Saudi Arabia | Freedom House

Freedom in the World

Freedom in the World 2017

Saudi Arabia


Freedom Status: 
Not Free

Freedom in the World Scores

(1=Most Free, 7=Least Free)

Quick Facts

Press Freedom Status: 
Not Free
Net Freedom Status: 
Not Free

Ruled by the Saud family since its founding in 1932, the Kingdom of Saudi Arabia restricts almost all political rights and civil liberties through a combination of oppressive laws and the use of force. No officials at the national level are elected. The regime extends some authority to clerics who follow the austere Wahhabi interpretation of Sunni Islam in exchange for affirmation of the monarchy’s religious legitimacy. Ruling elites rely on extensive surveillance, the criminalization of dissent, appeals to sectarianism, and public spending supported by oil revenues to maintain power.

Key Developments: 
  • In January, the regime executed one of the kingdom’s most prominent Shiite Muslim clerics as part of its ongoing crackdown against the religious minority.
  • More than 150 people were executed during 2016, the second consecutive year in which the total passed that threshold. Defendants are generally denied due process, and many are executed for crimes other than murder.
  • In April, against a backdrop of low oil prices and a struggling economy, the deputy crown prince announced an economic reform package called Saudi Vision 2030, without promising any significant political reforms.
  • As the Saudi military continued its controversial bombing campaign against rebel forces in neighboring Yemen, cross-border attacks by the rebels occasionally caused deaths and injuries in the kingdom.
Executive Summary: 

Beleaguered by a second full year of low oil prices, Saudi Arabia’s leaders struggled to manage a weak economy in 2016. In January, Deputy Crown Prince Mohammed bin Salman al-Saud, son of King Salman bin Abdulaziz al-Saud, announced that the state was planning to privatize a minority stake in the national oil company; subsequent statements indicated that the sale would be held by 2018. In April, the prince mapped out an ambitious economic strategy called Saudi Vision 2030 that aimed to overhaul the country’s economy, including by “Saudiizing” the labor force to reduce unemployment among citizens, diversifying away from oil, privatizing more of the state-controlled economy, and cutting state spending and subsidies. The plan did not address political reform or offer to expand heavily restricted political rights and civil liberties. Meanwhile, Saudi officials in November agreed to an oil production cut by the Organization of the Petroleum Exporting Countries (OPEC), the first in eight years, as part of a bid to shore up prices.
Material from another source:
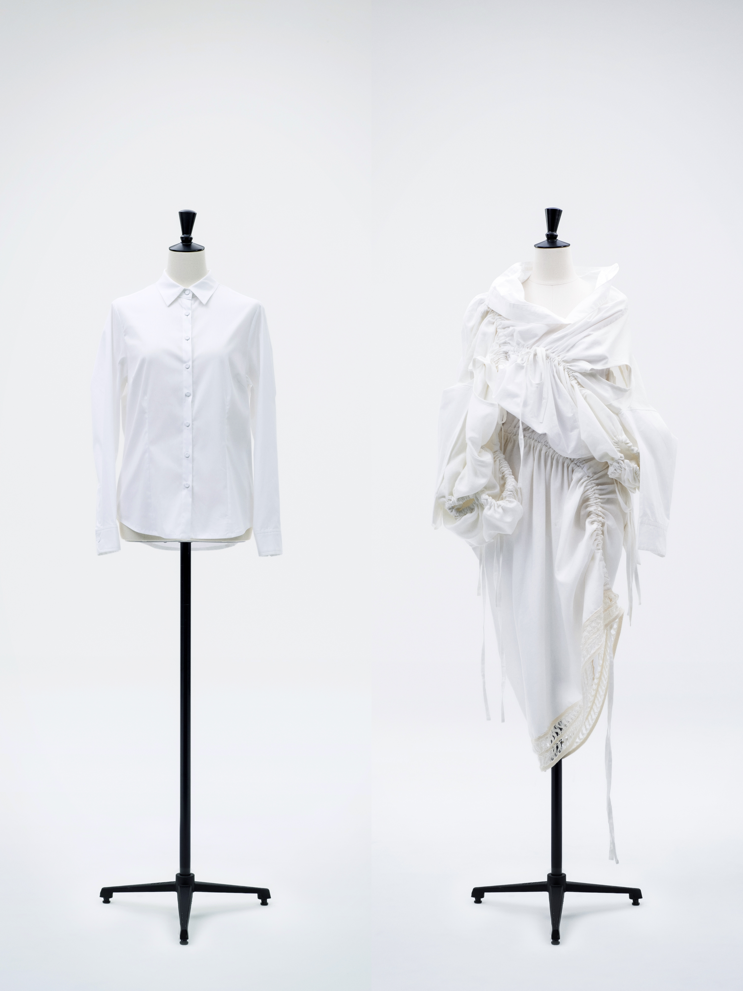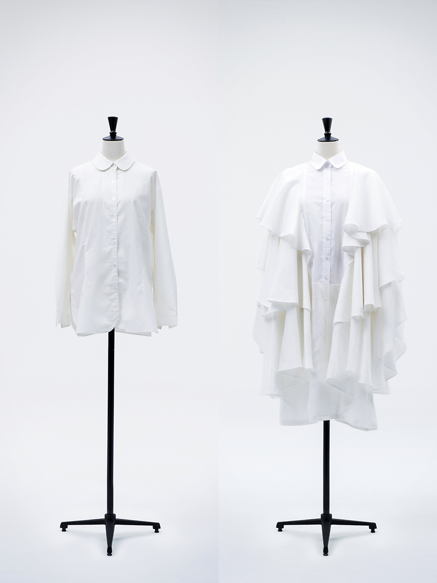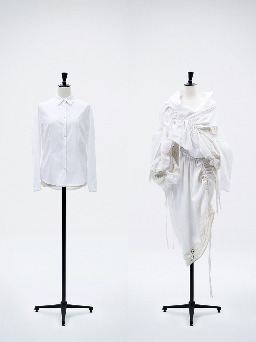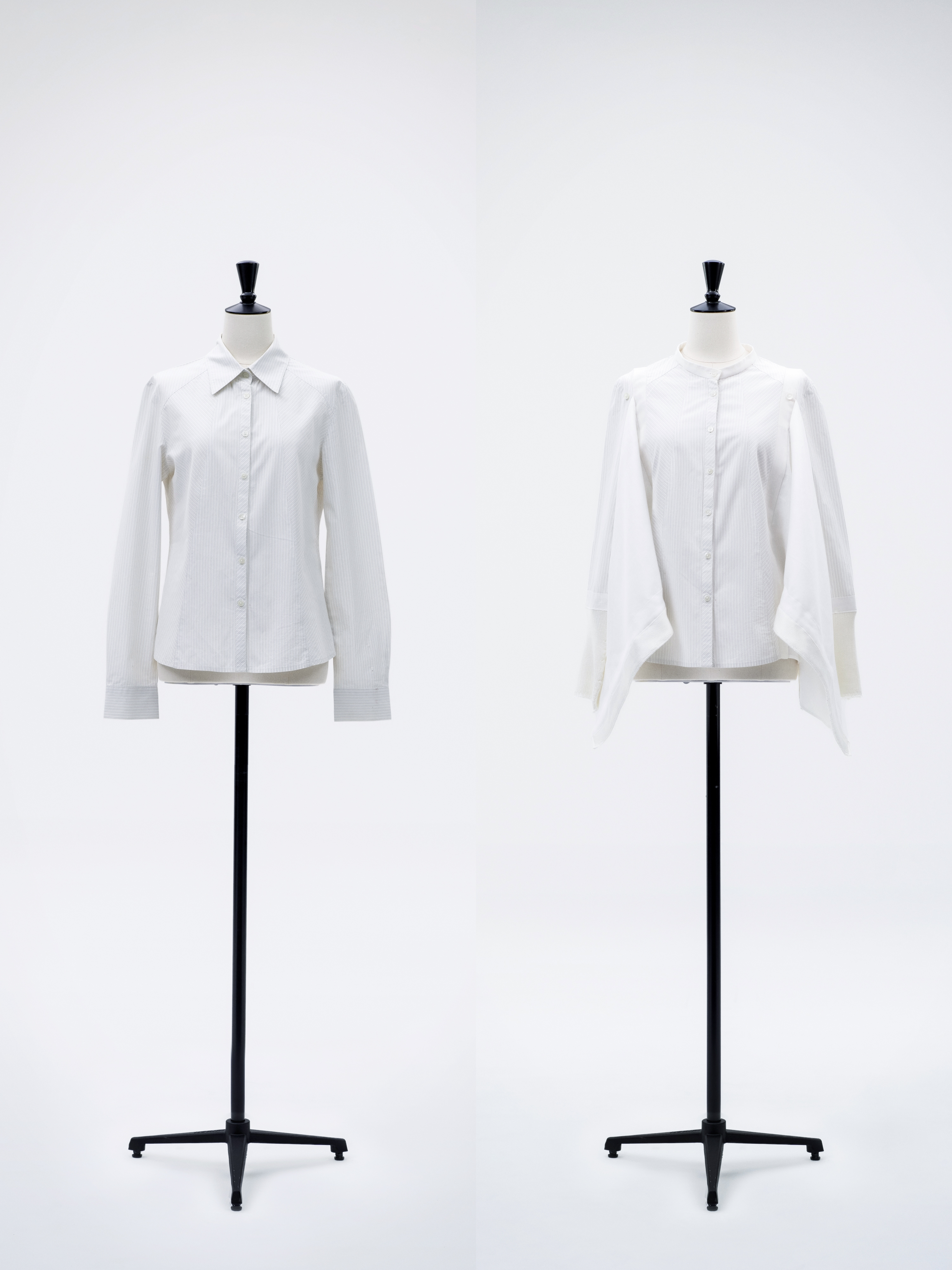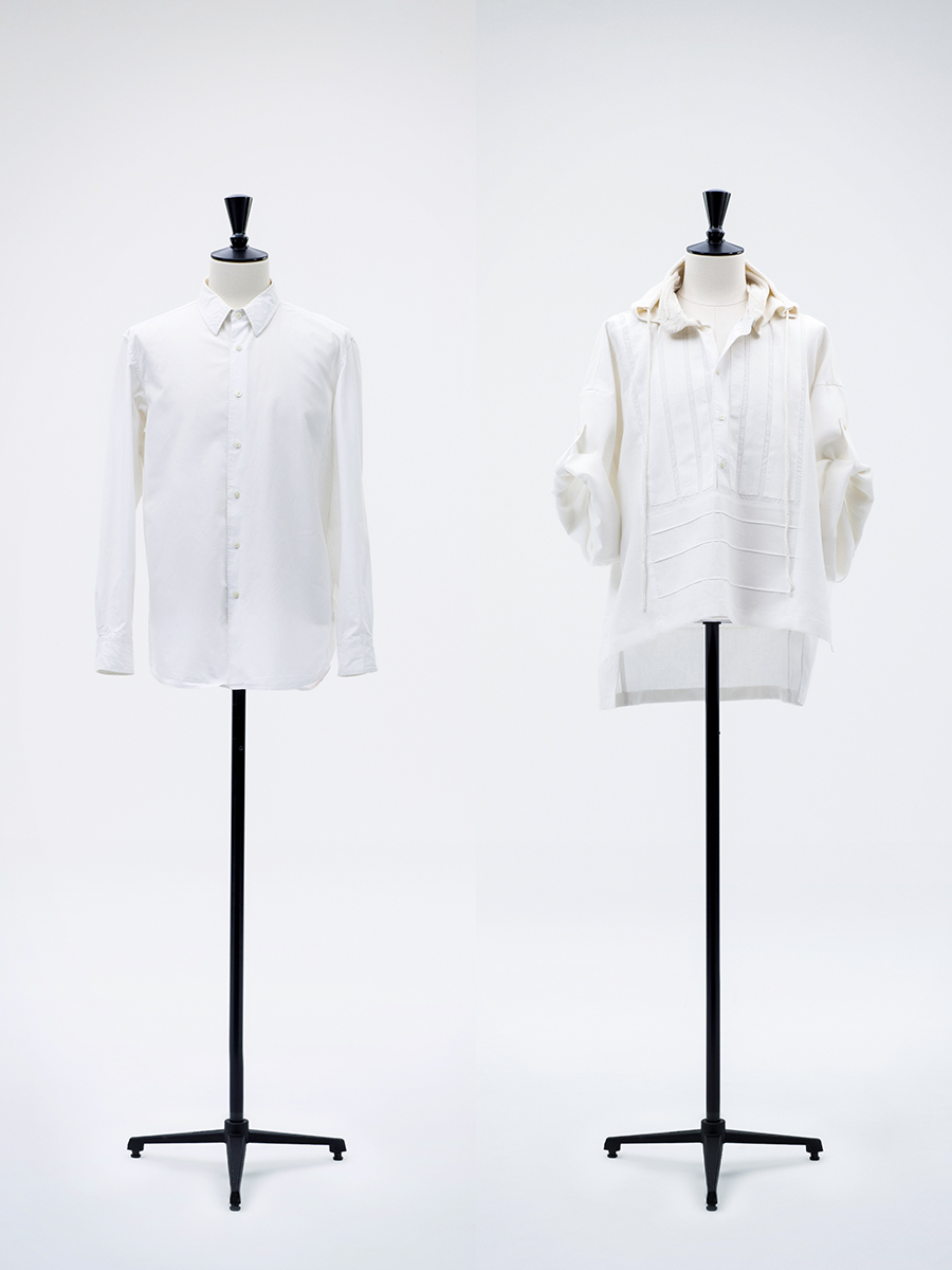 Made-to-order garments usually require physically meeting a client, and an understanding of clients’ needs and sizes through real-life dialogues and measurements. For this project, we delivered final products with all client interactions taken online. In order to create a truly one-of-a-kind garment for each of them, we asked them to provide a white shirt of their own, and asked about stories that were tied to those shirts. We then, brought the white shirt to YUIMA NAKAZATO’s atelier in Tokyo. We used the dialogue as an inspiration to reimagine it, redesign it, and return it to clients as a completely new garment. This is a project where clients and the designer co-create a new garment. In hopes that garments we created together make clients more cheerful, we offered the entire service free of charge as charity.

With significant logistical and political support from the United States and Britain, Saudi Arabia continued its destructive military campaign in neighboring Yemen, where groups loyal to Saudi-backed president Abd Rabbuh Mansur Hadi were locked in a civil war against Houthi rebels and allied forces linked to former president Ali Abdullah Saleh. Saudi leaders maintained that the Houthis, who sometimes launched raids or missile attacks across Saudi Arabia’s southern border, were proxies for Shiite-ruled Iran, the kingdom’s regional rival.

Saudi internal security forces continued their oppression of the Shiite religious minority. In January, the authorities executed a prominent Shiite cleric and outspoken critic of the regime, Nimr al-Nimr. Ali Mohammed al-Nimr, the cleric’s nephew, remained on death row for his participation as a teenager in 2011 protests that led to clashes with security forces. In June, a Saudi court sentenced 14 Shiites to death for alleged attacks on security personnel during the same wave of protests, which the regime characterized as terrorism.

As in previous years, Saudi human rights and political activists were systematically persecuted and imprisoned in 2016. Despite its poor record, Saudi Arabia was reelected to its seat on the UN Human Rights Council in October. In a modest reform in April, the government announced that the religious police no longer had the authority to pursue or detain civilians, and that they could operate only during business hours, reporting violations to the civil police. The religious police had faced public criticism for abusive behavior in recent years.